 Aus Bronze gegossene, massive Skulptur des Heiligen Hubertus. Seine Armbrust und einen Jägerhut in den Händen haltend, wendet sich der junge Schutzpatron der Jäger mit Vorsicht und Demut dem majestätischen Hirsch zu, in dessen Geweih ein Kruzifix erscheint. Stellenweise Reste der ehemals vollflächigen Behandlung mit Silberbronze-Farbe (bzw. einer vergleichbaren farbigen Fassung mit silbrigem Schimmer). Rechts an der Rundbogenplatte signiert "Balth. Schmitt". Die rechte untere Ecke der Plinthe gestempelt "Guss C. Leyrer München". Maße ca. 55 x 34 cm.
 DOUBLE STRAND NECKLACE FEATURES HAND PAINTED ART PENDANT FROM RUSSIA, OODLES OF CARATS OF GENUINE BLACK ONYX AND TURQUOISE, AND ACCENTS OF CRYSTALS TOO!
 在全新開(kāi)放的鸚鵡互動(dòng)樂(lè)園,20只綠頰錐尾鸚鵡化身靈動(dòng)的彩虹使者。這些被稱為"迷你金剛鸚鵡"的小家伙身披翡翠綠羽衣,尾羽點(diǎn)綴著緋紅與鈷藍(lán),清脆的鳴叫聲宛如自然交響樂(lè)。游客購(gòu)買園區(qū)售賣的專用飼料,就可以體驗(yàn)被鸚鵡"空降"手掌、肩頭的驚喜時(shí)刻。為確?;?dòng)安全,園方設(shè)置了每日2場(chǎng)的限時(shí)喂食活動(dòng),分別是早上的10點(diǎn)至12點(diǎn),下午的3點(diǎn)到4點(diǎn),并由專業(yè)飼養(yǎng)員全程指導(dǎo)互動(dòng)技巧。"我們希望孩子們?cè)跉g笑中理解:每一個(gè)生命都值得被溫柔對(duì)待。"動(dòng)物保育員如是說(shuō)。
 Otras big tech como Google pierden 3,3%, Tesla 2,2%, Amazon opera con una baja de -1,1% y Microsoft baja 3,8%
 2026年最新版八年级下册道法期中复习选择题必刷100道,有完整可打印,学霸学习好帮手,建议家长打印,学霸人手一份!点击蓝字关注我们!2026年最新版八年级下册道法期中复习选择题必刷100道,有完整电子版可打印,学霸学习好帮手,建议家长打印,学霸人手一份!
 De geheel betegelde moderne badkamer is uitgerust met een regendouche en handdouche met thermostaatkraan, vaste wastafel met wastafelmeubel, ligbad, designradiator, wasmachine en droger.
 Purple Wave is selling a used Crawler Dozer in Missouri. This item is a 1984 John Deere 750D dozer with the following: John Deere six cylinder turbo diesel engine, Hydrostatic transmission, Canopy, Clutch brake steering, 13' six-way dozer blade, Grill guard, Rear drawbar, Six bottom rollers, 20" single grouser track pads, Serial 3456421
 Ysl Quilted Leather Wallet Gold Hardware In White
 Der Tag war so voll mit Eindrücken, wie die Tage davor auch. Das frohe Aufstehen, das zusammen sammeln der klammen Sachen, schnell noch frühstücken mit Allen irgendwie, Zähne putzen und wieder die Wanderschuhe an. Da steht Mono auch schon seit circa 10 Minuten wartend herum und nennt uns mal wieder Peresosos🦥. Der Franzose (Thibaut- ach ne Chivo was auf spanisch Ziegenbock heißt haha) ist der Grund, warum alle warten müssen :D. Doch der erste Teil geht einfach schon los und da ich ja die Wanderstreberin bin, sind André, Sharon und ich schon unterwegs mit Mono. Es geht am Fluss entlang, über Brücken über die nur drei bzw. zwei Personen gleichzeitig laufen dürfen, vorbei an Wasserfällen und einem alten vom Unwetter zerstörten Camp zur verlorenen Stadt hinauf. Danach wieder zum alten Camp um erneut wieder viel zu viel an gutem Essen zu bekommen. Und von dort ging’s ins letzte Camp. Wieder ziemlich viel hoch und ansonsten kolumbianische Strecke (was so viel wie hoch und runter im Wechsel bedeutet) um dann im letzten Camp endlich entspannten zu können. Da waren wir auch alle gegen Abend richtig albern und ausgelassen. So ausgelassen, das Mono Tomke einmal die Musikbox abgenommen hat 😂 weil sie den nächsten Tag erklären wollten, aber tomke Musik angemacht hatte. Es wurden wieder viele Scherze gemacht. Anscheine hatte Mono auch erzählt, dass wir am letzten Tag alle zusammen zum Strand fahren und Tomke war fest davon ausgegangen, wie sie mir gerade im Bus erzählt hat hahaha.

Directions
Transcribe, in full, each record that appears above.

Written reply
 Aus Bronze gegossene, massive Skulptur des Heiligen Hubertus. Seine Armbrust und einen Jägerhut in den Händen haltend, wendet sich der junge Schutzpatron der Jäger mit Vorsicht und Demut dem majestätischen Hirsch zu, in dessen Geweih ein Kruzifix erscheint. Stellenweise Reste der ehemals vollflächigen Behandlung mit Silberbronze-Farbe (bzw. einer vergleichbaren farbigen Fassung mit silbrigem Schimmer). Rechts an der Rundbogenplatte signiert "Balth. Schmitt". Die rechte untere Ecke der Plinthe gestempelt "Guss C. Leyrer München". Maße ca. 55 x 34 cm.
 DOUBLE STRAND NECKLACE FEATURES HAND PAINTED ART PENDANT FROM RUSSIA, OODLES OF CARATS OF GENUINE BLACK ONYX AND TURQUOISE, AND ACCENTS OF CRYSTALS TOO!
 在全新開(kāi)放的鸚鵡互動(dòng)樂(lè)園,20只綠頰錐尾鸚鵡化身靈動(dòng)的彩虹使者。這些被稱為"迷你金剛鸚鵡"的小家伙身披翡翠綠羽衣,尾羽點(diǎn)綴著緋紅與鈷藍(lán),清脆的鳴叫聲宛如自然交響樂(lè)。游客購(gòu)買園區(qū)售賣的專用飼料,就可以體驗(yàn)被鸚鵡"空降"手掌、肩頭的驚喜時(shí)刻。為確?;?dòng)安全,園方設(shè)置了每日2場(chǎng)的限時(shí)喂食活動(dòng),分別是早上的10點(diǎn)至12點(diǎn),下午的3點(diǎn)到4點(diǎn),并由專業(yè)飼養(yǎng)員全程指導(dǎo)互動(dòng)技巧。"我們希望孩子們?cè)跉g笑中理解:每一個(gè)生命都值得被溫柔對(duì)待。"動(dòng)物保育員如是說(shuō)。
 Otras big tech como Google pierden 3,3%, Tesla 2,2%, Amazon opera con una baja de -1,1% y Microsoft baja 3,8%
 2026年最新版八年级下册道法期中复习选择题必刷100道,有完整可打印,学霸学习好帮手,建议家长打印,学霸人手一份!点击蓝字关注我们!2026年最新版八年级下册道法期中复习选择题必刷100道,有完整电子版可打印,学霸学习好帮手,建议家长打印,学霸人手一份!
 De geheel betegelde moderne badkamer is uitgerust met een regendouche en handdouche met thermostaatkraan, vaste wastafel met wastafelmeubel, ligbad, designradiator, wasmachine en droger.
 Purple Wave is selling a used Crawler Dozer in Missouri. This item is a 1984 John Deere 750D dozer with the following: John Deere six cylinder turbo diesel engine, Hydrostatic transmission, Canopy, Clutch brake steering, 13' six-way dozer blade, Grill guard, Rear drawbar, Six bottom rollers, 20" single grouser track pads, Serial 3456421
 Ysl Quilted Leather Wallet Gold Hardware In White
 Der Tag war so voll mit Eindrücken, wie die Tage davor auch. Das frohe Aufstehen, das zusammen sammeln der klammen Sachen, schnell noch frühstücken mit Allen irgendwie, Zähne putzen und wieder die Wanderschuhe an. Da steht Mono auch schon seit circa 10 Minuten wartend herum und nennt uns mal wieder Peresosos🦥. Der Franzose (Thibaut- ach ne Chivo was auf spanisch Ziegenbock heißt haha) ist der Grund, warum alle warten müssen :D. Doch der erste Teil geht einfach schon los und da ich ja die Wanderstreberin bin, sind André, Sharon und ich schon unterwegs mit Mono. Es geht am Fluss entlang, über Brücken über die nur drei bzw. zwei Personen gleichzeitig laufen dürfen, vorbei an Wasserfällen und einem alten vom Unwetter zerstörten Camp zur verlorenen Stadt hinauf. Danach wieder zum alten Camp um erneut wieder viel zu viel an gutem Essen zu bekommen. Und von dort ging’s ins letzte Camp. Wieder ziemlich viel hoch und ansonsten kolumbianische Strecke (was so viel wie hoch und runter im Wechsel bedeutet) um dann im letzten Camp endlich entspannten zu können. Da waren wir auch alle gegen Abend richtig albern und ausgelassen. So ausgelassen, das Mono Tomke einmal die Musikbox abgenommen hat 😂 weil sie den nächsten Tag erklären wollten, aber tomke Musik angemacht hatte. Es wurden wieder viele Scherze gemacht. Anscheine hatte Mono auch erzählt, dass wir am letzten Tag alle zusammen zum Strand fahren und Tomke war fest davon ausgegangen, wie sie mir gerade im Bus erzählt hat hahaha.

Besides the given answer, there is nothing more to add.